Vector embeddings represent text as numerical arrays that capture meaning rather than literal word matches. Semantic search shines in advanced search products like recommendation engines, where exact search alone won’t cut it.

Using the PgVector, you might store an embedding like this:

INSERT INTO docs (content, embedding)
VALUES (
  'The quick brown fox jumps over the lazy dog',
  '[0.12, -0.04, 0.33, 0.78, -0.15, 0.23, 0.12, -0.09, 0.70]'
);

These numbers encode semantic relationships. Notice how the numerical representation of “fox” and “dog” in this example are numerically close in the vector space (0.78, 0.70). This makes them likely to show up in related searches like “animals”. Under the hood, semantic search relies on distance metrics like cosine similarity or Euclidean distance instead of keyword overlap.

The importance of prompt engineering with Mastra

Writing clear prompts played a crucial role in shaping how the agent interacts with users and produces its responses. I carefully designed system instructions prompts to guide the model’s behavior — like defining what format to respond in, and deciding when to use specific tools.
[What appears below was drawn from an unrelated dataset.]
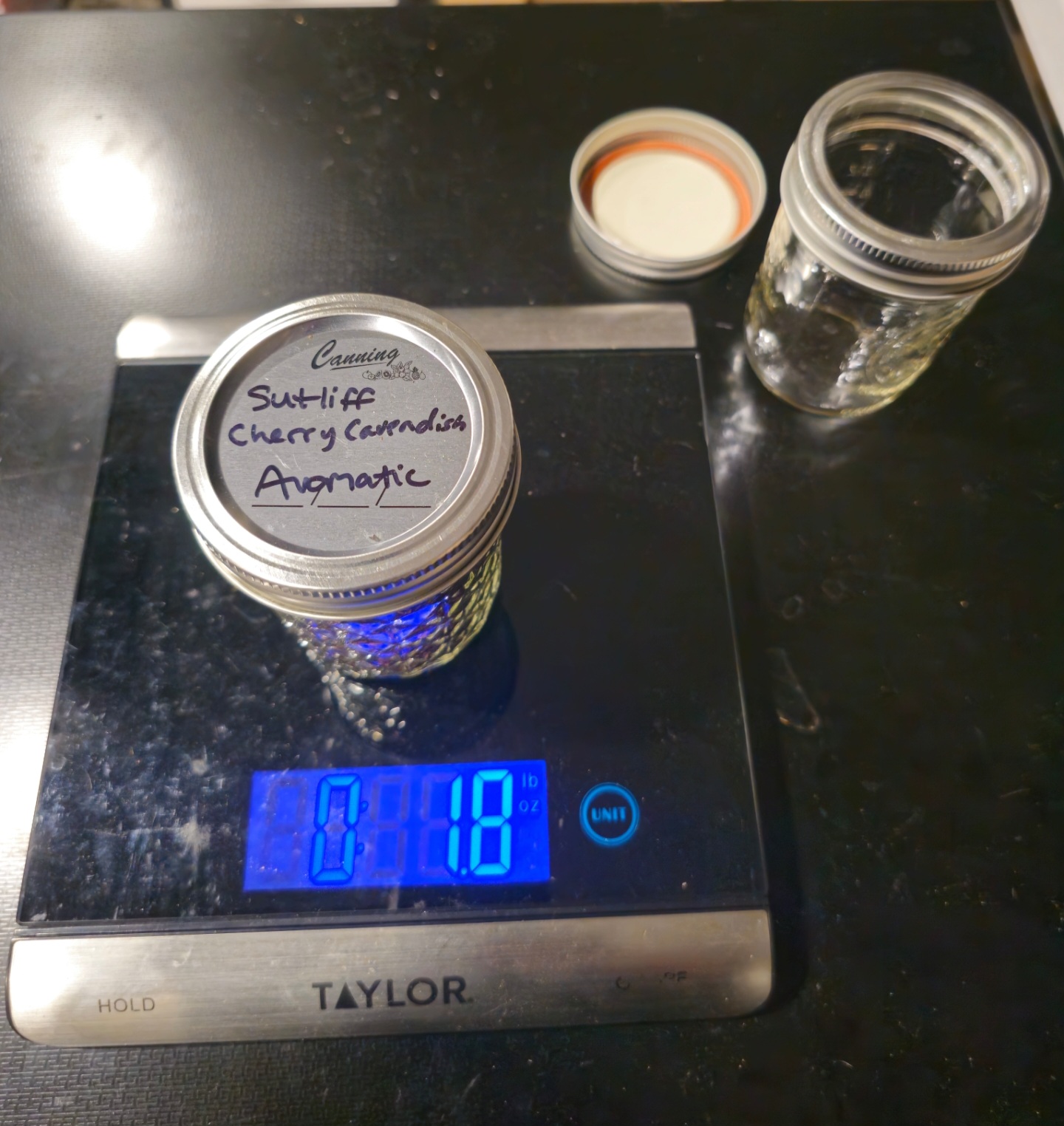 Weight of tobacco (in ounces) is shown on the scale in picture. The scale was set to zero with the weight of the jar and lid accounted for, so the shown weight is just the tobacco in the jar.

At first, I thought the feature that lets the agent cite the exact timestamp its response is coming from was going to be a tool call. But it was all system instructions. Definitely read further into prompt/context engineering to learn how to get your models to do what you want.

Conclusion

Building this agent was an exciting project. It involved learning about agents, the concept behind RAG, and how to put an AI application together. If you’re a developer curious about AI agents, I highly recommend experimenting with your own designs and retrieval strategies. You could also check the Mastra CEO’s book, Principles of Building AI Agents, for a more detailed explanation of Mastra.